_YOUR INSTRUCTIONS_
Among the entries below, copy only the span from the line containing "- 【Make Your" through the line containing "Đám cưới biến". Do so exactly, and skip the pictures.

_GIVEN ENTRIES_
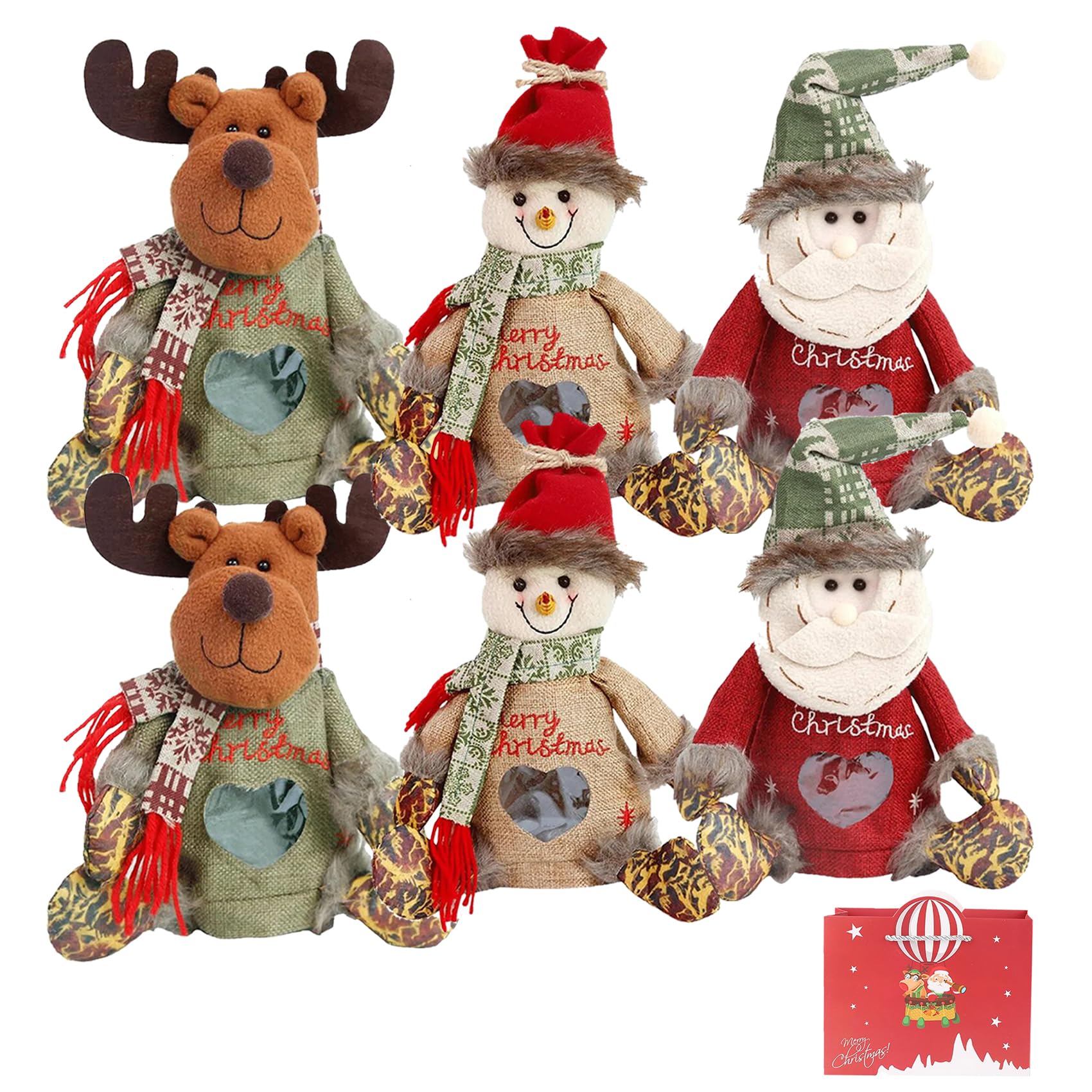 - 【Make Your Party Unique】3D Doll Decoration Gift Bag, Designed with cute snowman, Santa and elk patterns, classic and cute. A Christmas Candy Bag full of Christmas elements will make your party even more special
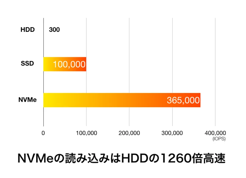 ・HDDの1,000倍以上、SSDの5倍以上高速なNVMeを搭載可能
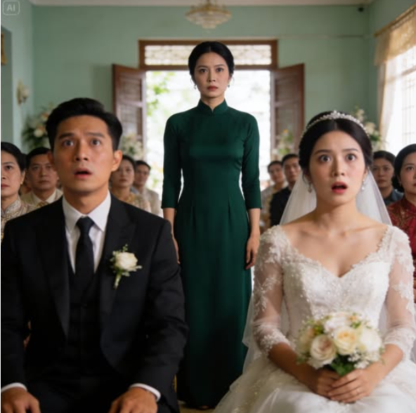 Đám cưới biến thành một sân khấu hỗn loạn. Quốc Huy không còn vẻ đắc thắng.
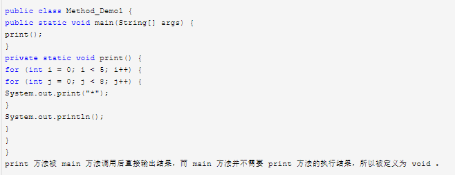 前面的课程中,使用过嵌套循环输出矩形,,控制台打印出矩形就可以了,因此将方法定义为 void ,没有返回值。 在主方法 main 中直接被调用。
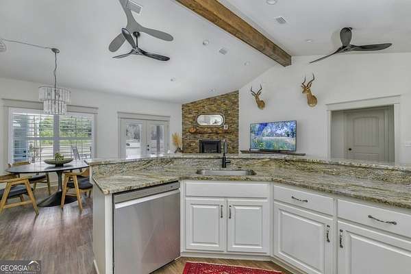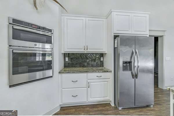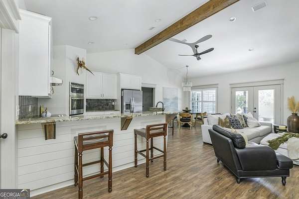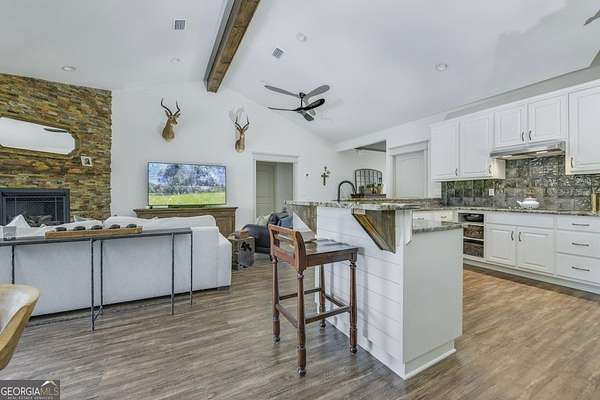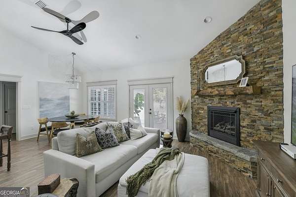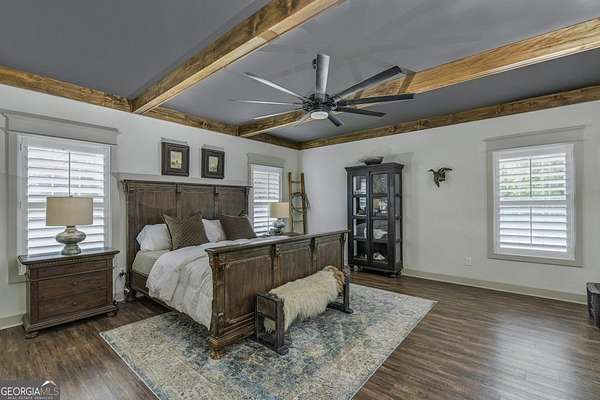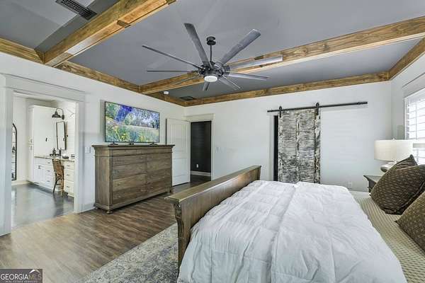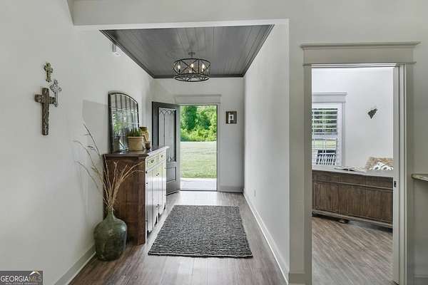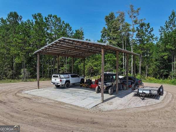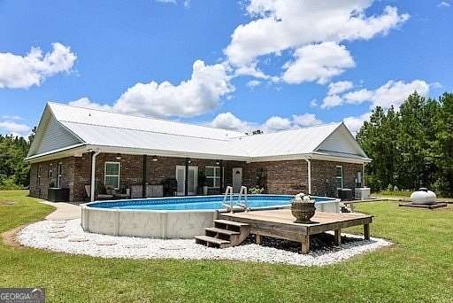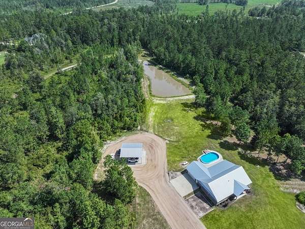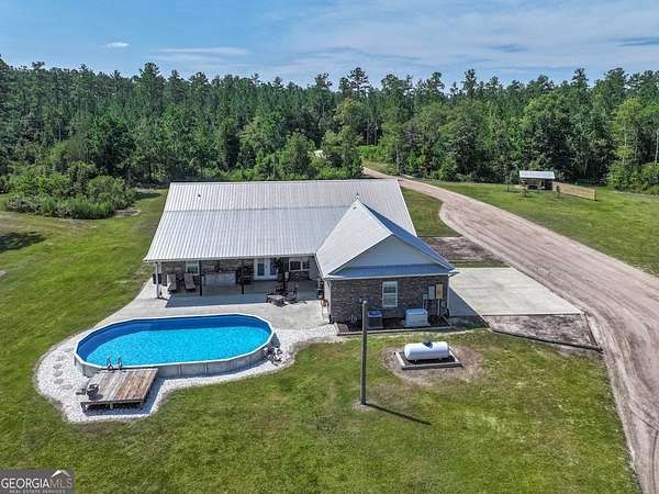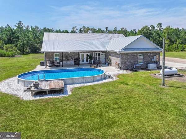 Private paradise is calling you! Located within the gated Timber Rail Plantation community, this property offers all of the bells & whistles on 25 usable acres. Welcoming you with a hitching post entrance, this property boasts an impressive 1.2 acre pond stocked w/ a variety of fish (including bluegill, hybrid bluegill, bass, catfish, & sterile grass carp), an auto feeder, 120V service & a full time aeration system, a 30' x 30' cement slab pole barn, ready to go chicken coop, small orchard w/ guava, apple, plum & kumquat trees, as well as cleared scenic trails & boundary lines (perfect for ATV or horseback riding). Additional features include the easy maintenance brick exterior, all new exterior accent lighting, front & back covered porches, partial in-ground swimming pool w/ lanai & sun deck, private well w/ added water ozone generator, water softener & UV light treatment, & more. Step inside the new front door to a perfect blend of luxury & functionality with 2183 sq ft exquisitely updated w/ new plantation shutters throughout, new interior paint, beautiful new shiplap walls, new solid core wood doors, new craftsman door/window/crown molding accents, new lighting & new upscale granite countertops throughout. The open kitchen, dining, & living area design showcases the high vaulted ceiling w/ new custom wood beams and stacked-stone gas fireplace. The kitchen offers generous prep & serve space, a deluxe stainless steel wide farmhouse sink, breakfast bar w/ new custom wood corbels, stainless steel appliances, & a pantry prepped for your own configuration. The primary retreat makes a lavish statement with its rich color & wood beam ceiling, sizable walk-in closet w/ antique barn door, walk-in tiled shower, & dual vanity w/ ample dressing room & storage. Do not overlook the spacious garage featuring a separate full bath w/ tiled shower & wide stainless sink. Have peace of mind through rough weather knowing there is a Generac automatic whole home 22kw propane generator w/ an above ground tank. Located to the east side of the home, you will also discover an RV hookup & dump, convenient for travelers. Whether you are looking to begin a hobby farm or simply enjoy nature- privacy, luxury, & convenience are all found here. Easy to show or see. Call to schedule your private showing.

---

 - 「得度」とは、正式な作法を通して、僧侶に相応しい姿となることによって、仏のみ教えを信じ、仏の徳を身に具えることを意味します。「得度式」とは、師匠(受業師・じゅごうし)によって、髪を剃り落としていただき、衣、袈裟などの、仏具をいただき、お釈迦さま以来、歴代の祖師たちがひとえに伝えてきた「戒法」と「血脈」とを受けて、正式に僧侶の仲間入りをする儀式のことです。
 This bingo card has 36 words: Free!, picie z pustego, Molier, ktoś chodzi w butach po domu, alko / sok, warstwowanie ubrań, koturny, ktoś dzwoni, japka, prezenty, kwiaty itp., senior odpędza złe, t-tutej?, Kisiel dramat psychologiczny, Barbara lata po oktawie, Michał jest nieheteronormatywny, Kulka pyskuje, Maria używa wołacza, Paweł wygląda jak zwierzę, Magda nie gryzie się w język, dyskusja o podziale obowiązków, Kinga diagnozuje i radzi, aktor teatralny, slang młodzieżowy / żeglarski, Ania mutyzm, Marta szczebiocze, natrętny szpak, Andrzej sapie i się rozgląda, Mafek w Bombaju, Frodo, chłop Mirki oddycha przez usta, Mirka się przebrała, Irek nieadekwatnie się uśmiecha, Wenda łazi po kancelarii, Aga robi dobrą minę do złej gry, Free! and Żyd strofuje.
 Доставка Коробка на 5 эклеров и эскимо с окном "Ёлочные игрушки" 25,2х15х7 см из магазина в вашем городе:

_ANSWER SECTION_
 - 【Make Your Party Unique】3D Doll Decoration Gift Bag, Designed with cute snowman, Santa and elk patterns, classic and cute. A Christmas Candy Bag full of Christmas elements will make your party even more special
 ・HDDの1,000倍以上、SSDの5倍以上高速なNVMeを搭載可能
 Đám cưới biến thành một sân khấu hỗn loạn. Quốc Huy không còn vẻ đắc thắng.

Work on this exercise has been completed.